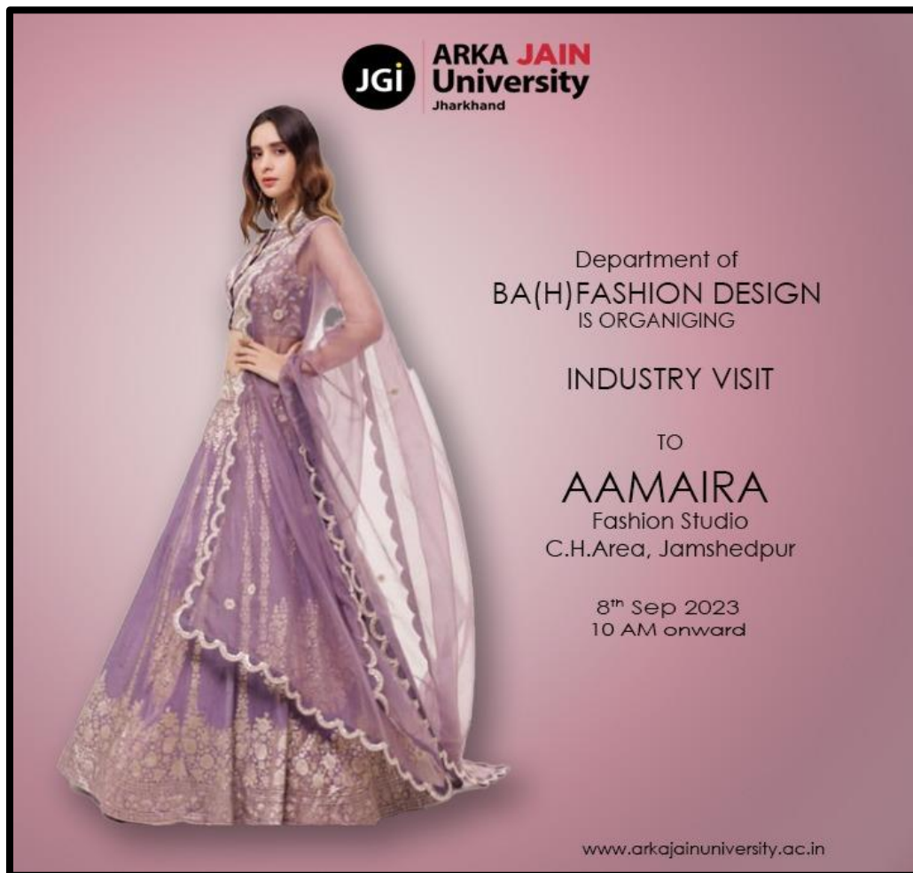
Figure 1: Poster of the event “Industry visit to Aamaira Fashion Studio”
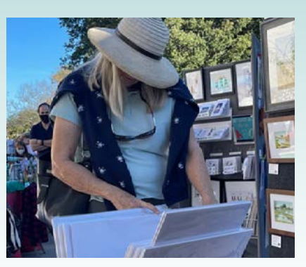
A serious art shopper
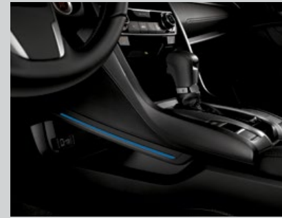
ILLUMINATED CONSOLE (BLUE)
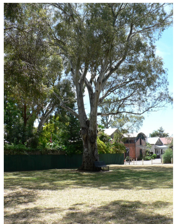
Richmond Street entrance 2014

> _Problem to work on_:
Output all the material verbatim, skipping every image.

> _Result_:
Figure 1: Poster of the event “Industry visit to Aamaira Fashion Studio”
A serious art shopper
ILLUMINATED CONSOLE (BLUE)
Richmond Street entrance 2014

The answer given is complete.